Exactly as written, write out the lines below from the first to the one containing "Assor eetkamertafel ovaal, voorbereid", inclusive. Pictures do not belong in the copy.

** Data **

· · · ·

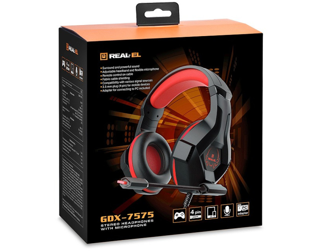 | Гарнітура REAL-EL GDX-7575 Black/Red – це стильні навушники з мікрофоном, які поєднують у собі високу якість звуку, комфорт носіння та естетичну привабливість. Чорно-червона кольорова гама надає їм ефектного вигляду, роблячи їх привабливим аксесуаром для геймерів і всіх, хто цінує стиль і функціональність.
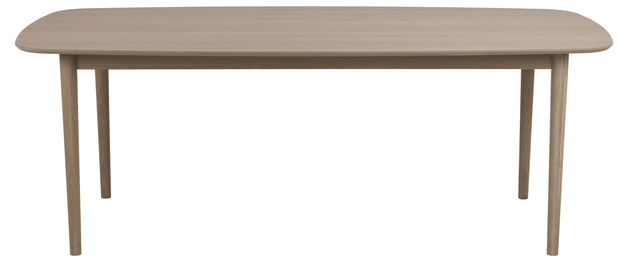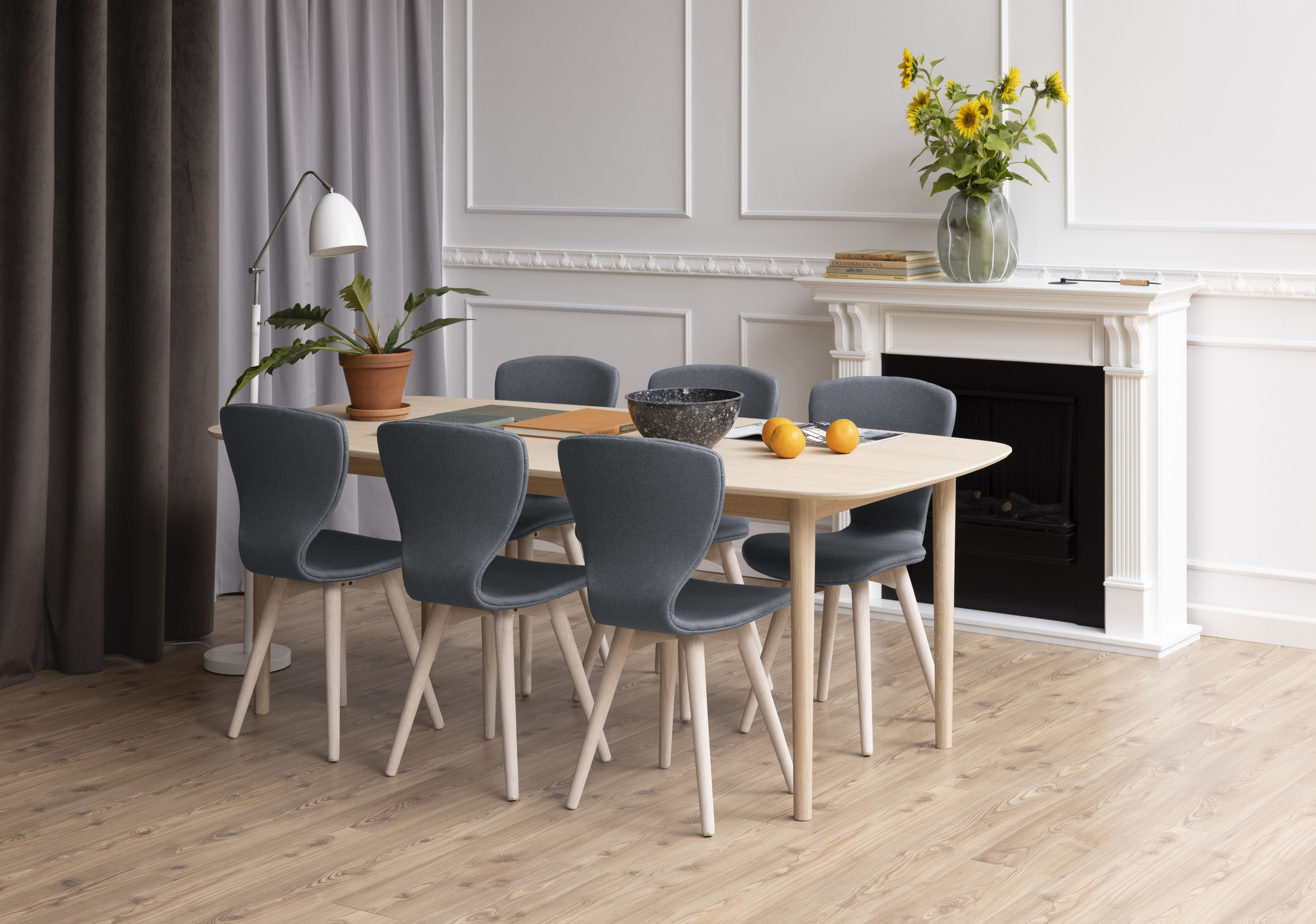 Assor eetkamertafel ovaal, voorbereid voor extra bladen, wit geolied eiken decor.
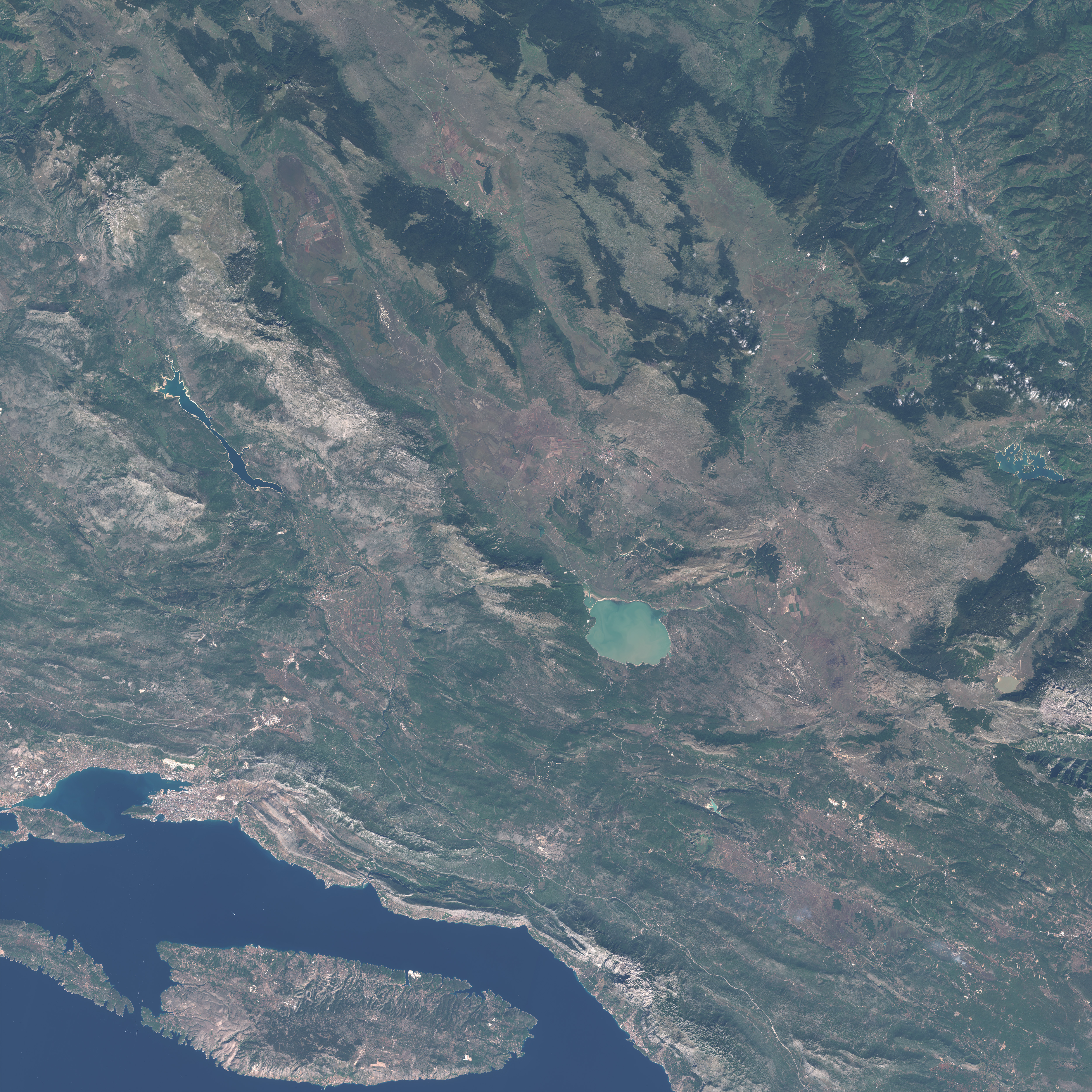 La ville de Split dans son cadre régional. Cette image satellite a été réalisée le 30 septembre par le satellite Sentinel-2A.

· · · ·

** Answer box **
 | Гарнітура REAL-EL GDX-7575 Black/Red – це стильні навушники з мікрофоном, які поєднують у собі високу якість звуку, комфорт носіння та естетичну привабливість. Чорно-червона кольорова гама надає їм ефектного вигляду, роблячи їх привабливим аксесуаром для геймерів і всіх, хто цінує стиль і функціональність.
 Assor eetkamertafel ovaal, voorbereid voor extra bladen, wit geolied eiken decor.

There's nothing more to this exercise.